Closed wildingm closed 3 years ago

wildingm commented 3 years ago

I have a personal package that has a few functions I use internally (and that I hope others will begin to use soon) - it is installed via my organisations GitLab repo. This package depends on dplyr to function.

I have a script I'm converting to use groundhog. If I groundhog.library(tidyr, groundhogDay) and then try to load my package I get an error as tidyr has loaded dplyr in the background, and my package can't then load the version of dplyr it wants to.

Will you be considering how to use groundhog with non-cran packages to allow this sort of thing to work? Or is there a workaround for this sort of situation to point a library(,package>) to the groundhog loaded version of a depended upon package?

urisohn commented 3 years ago

If groundhog gets widely adopted, one possibility is to provide archival hosting of non-CRAN pacakges so that groundhog can load those too, but that is probably at least 6 months away, if it happens.

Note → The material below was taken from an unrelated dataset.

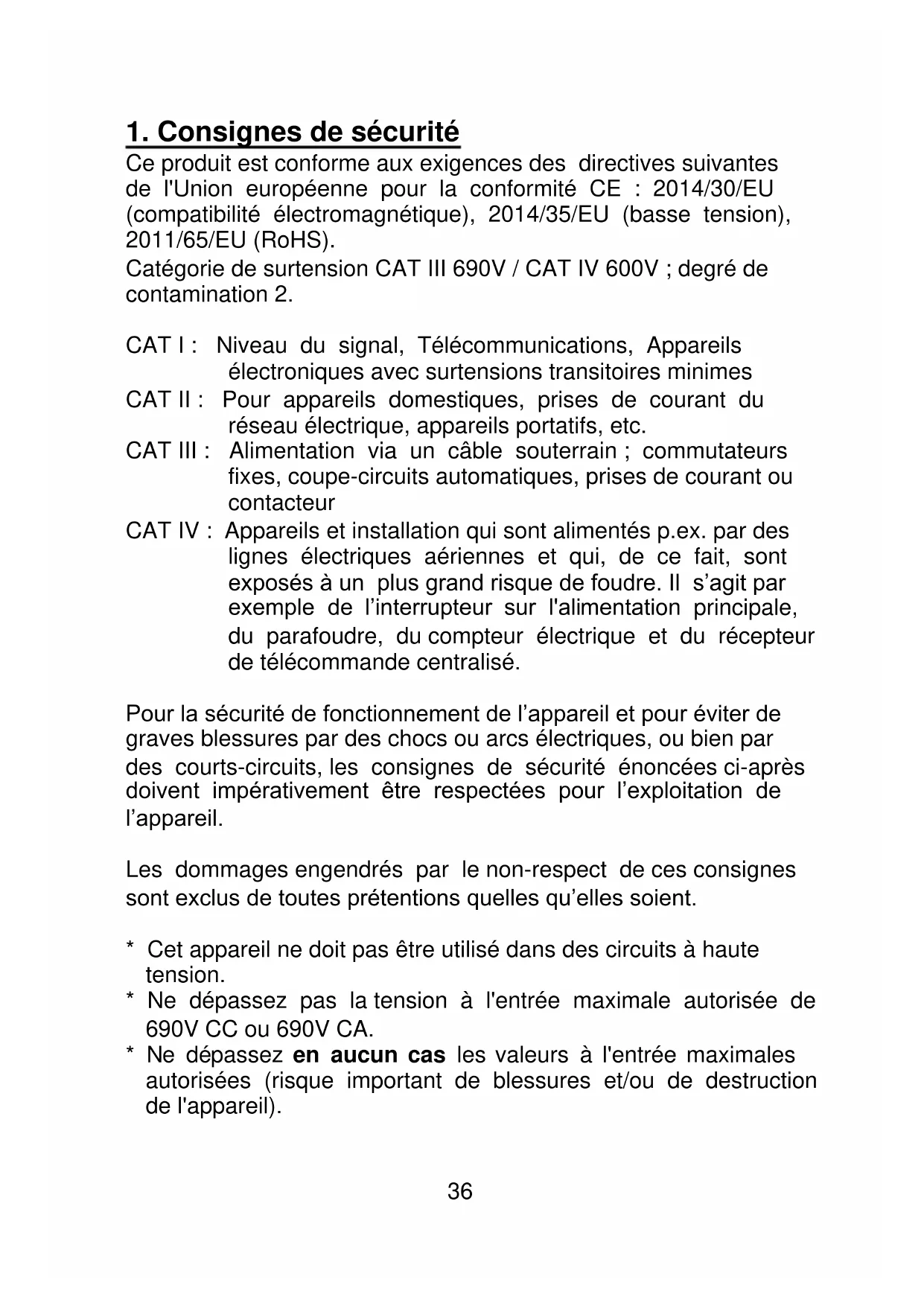 Ce produit est conforme aux exigences des directives suivantes de l'Union européenne pour la conformité CE : 2014/30/EU (compatibilité électromagnétique), 2014/35/EU (basse tension), 2011/65/EU (RoHS). Catégorie de surtension CAT III 690V / CAT IV 600V ; degré de contamination 2. CAT I : Niveau du signal, Télécommunications, Appareils électroniques avec surtensions transitoires minimes CAT II : Pour appareils domestiques, prises de courant du réseau électrique, appareils portatifs, etc. CAT III : Alimentation via un câble souterrain ; commutateurs fixes, coupe-circuits automatiques, prises de courant ou contacteur CAT IV : Appareils et installation qui sont alimentés p.ex. par des lignes électriques aériennes et qui, de ce fait, sont exposés à un plus grand risque de foudre. Il s’agit par exemple de l’interrupteur sur l'alimentation principale, du parafoudre, du compteur électrique et du récepteur de télécommande centralisé. Pour la sécurité de fonctionnement de l’appareil et pour éviter de graves blessures par des chocs ou arcs électriques, ou bien par des courts-circuits, les consignes de sécurité énoncées ci-après doivent impérativement être respectées pour l’exploitation de l’appareil. Les dommages engendrés par le non-respect de ces consignes sont exclus de toutes prétentions quelles qu’elles soient.

I can think of two solutions for your right now (I would recommend the 1st) 1) Use as the groundhog.day the date that will lead to the version of dplyr your own package is using. With groundhog::toc('dplyr') you can see when each version was released to identify the date you want So then, when you use groundhog first, it will not create a conflict.

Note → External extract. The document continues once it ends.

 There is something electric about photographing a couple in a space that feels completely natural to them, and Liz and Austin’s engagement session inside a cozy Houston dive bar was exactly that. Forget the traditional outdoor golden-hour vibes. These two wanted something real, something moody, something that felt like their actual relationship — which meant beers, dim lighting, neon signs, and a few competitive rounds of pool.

2) You can load your package first, and then tell groundhog to tolerate the dependency mismatch with the optional argument 'ignore.deps=c("dplyr")' This will load everything as current on the groundhog.day you chose, but will skip 'dplyr' and leave the version that you have.

I think (1) is better because it is more reproducible, though presumably your own package is loading whatever version of 'dplyr' you have available in your library, so if you give your code to someone else, they will be loading a different version of dplyr.

wildingm commented 3 years ago

Thanks, that's helpful. I'll have a think about which approach will work best for us, I'd tend to agree that 1 is easier to manage, but 2 might be more stable on multiple systems.

I've shared your blog internally as I think this approach will be easier to implement than other ways of managing packages. I hope you gain some traction.